WHAT TO WORK ON » From the material below, retype exactly the lines that begin at the line with "15mm 27pcs. madre" and end after the line with "Red cotton logo-print"; pictures stay out of the copy.

TASK DATA »
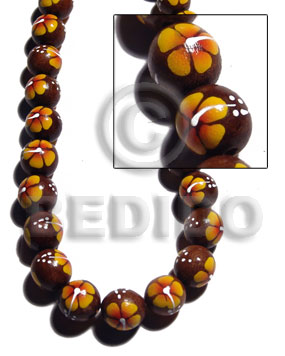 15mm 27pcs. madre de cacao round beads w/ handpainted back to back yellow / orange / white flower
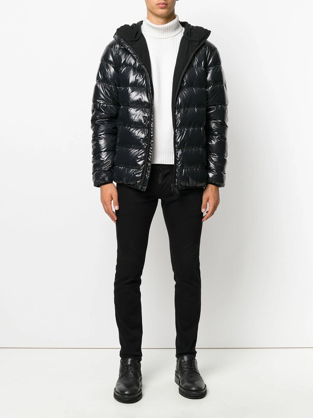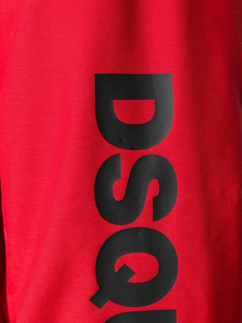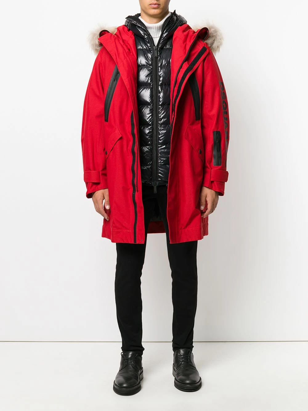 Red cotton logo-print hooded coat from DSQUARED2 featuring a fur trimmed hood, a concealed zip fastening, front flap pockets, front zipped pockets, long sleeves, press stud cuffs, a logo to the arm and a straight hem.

* * *

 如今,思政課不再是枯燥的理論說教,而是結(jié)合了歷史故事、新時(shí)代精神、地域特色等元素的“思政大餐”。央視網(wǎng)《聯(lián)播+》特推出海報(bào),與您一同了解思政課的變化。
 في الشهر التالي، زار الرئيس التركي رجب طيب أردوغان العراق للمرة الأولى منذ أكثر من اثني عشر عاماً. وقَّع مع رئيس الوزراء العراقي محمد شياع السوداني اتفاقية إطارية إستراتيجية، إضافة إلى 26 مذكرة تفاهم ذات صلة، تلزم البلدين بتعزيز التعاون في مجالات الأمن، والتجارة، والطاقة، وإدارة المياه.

SOLUTION TO THE PROBLEM »
 15mm 27pcs. madre de cacao round beads w/ handpainted back to back yellow / orange / white flower
 Red cotton logo-print hooded coat from DSQUARED2 featuring a fur trimmed hood, a concealed zip fastening, front flap pockets, front zipped pockets, long sleeves, press stud cuffs, a logo to the arm and a straight hem.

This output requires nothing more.